To be eligible for the credit, Reg. 1907, not RS 47:6030, required that the system’s installation be performed by the owner of the residence or a contractor duly licensed by and in good standing with the Louisiana Contractors Licensing Board. Act 428 adds to the statute the requirement that the system be sold and installed by a person who is licensed by the Louisiana Contractors Licensing Board. Act 428 also adds that any system components purchased on or after July 1, 2013 must be compliant with the requirements of the federal American Recovery and Reinvestment Act. Notwithstanding the foregoing, Act 428 provides that a purchaser will be eligible for the credit with respect to components purchased before July 1, 2013 if the purchaser can establish that the components were purchased before July 2013 and if the system is installed before January 1, 2014.

Special Rules and Limitations to Consider Under Act 428

It remains the case under Act 428 that a taxpayer may not receive any other state tax credit, exemption, exclusion, deduction or other state tax benefit for property for which the taxpayer has received a credit under RS 47:6030. Also, a taxpayer who claims the tax credit with respect to a property must still disclose his use of the tax credit to the purchaser of the property.

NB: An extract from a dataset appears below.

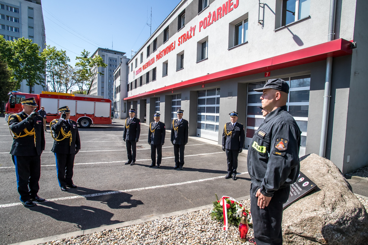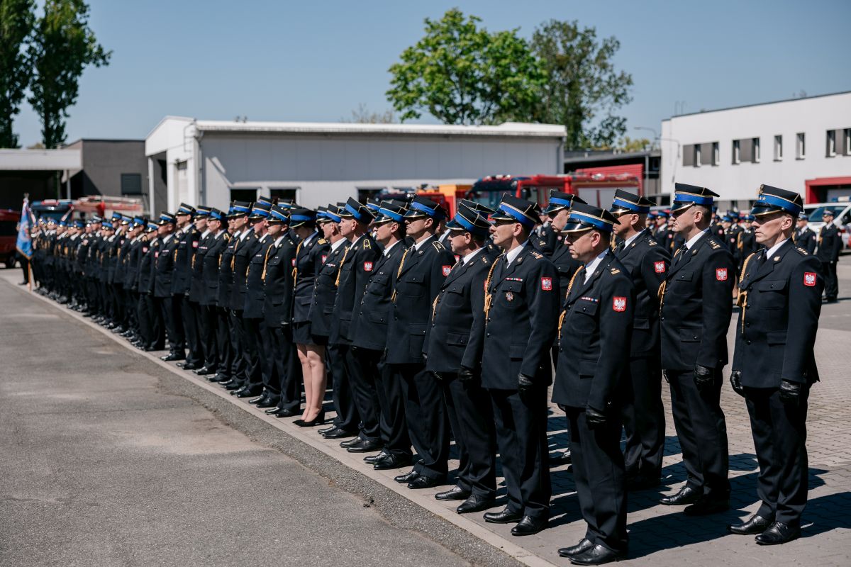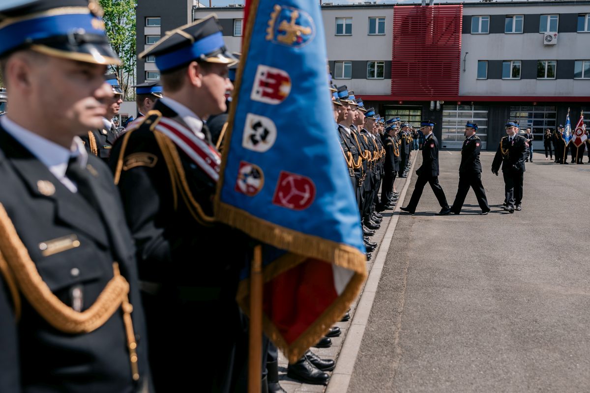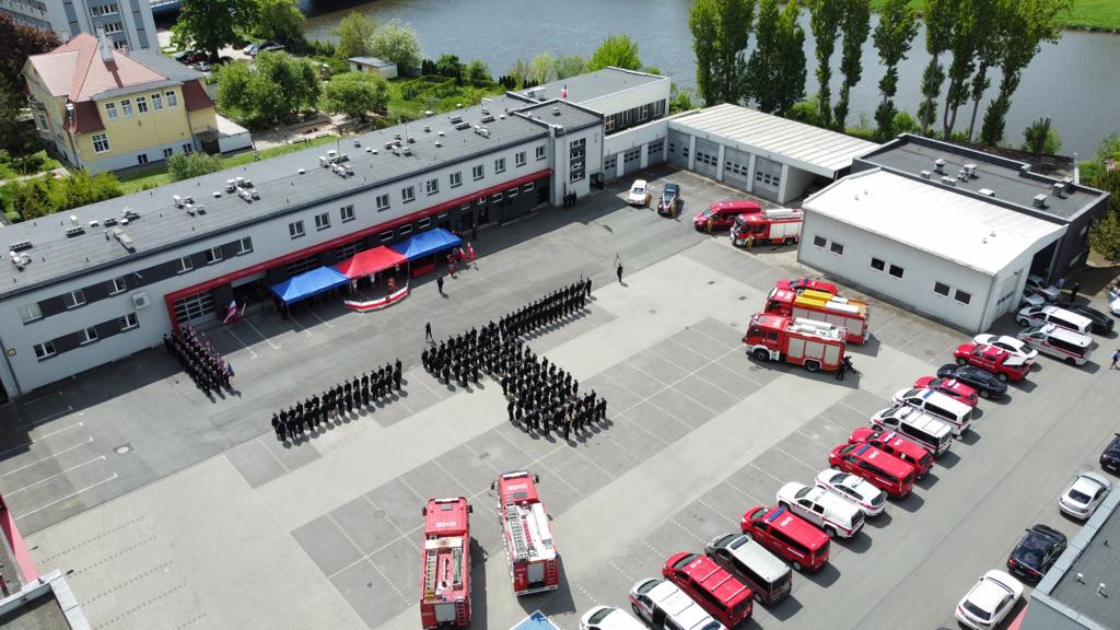 12.05.2023 roku na placu wewnętrznym Komendy Wojewódzkiej Państwowej Straży Pożarnej w Opolu odbył się uroczysty apel z okazji Dnia Strażaka.

Many of the other detailed rules and limitations applicable to the income tax credit for solar energy systems were not contained in RS 47:6030 but rather in Reg. 1907. These included, among others, documentation requirements for a third-party installer to establish its entitlement to the credit as between himself and the property owner, the prohibition on claiming the credit and depreciation deductions for capitalized system costs and the effect on eligible system costs on marketing rebates and incentives offered by the installer to the property owner. According to the Louisiana Department of Revenue, Reg. 1907 will be revised to remove any inconsistencies with the Act 428 amendments. It is not certain at this time what, if any, changes will be made to the additional detailed rules and limitations on the credit found in Reg. 1907 that are inconsistent with the Act 428 amendments. It is expected that a notice of public hearing regarding a new proposed Reg. 1907 will be published in the Louisiana Register on or about October 20, 2013, with the hearing to be held sometime in November and the final regulation to be published in the beginning of 2014.

Conclusion

Like many other federal and state incentives, the purpose of the Louisiana solar energy system income tax credit is to incentivize private industry to create and sell a product that not only helps fuel the economy but does so in a way that is worthwhile to our environment. It remains to be seen how the Act 428 amendments, particularly the new limitations on leased systems, will impact the number of solar companies that have been doing a profitable business in Louisiana with the aid of this incentive.

DISCLAIMER: Because of the generality of this update, the information provided herein may not be applicable in all situations and should not be acted upon without specific legal advice based on particular situations.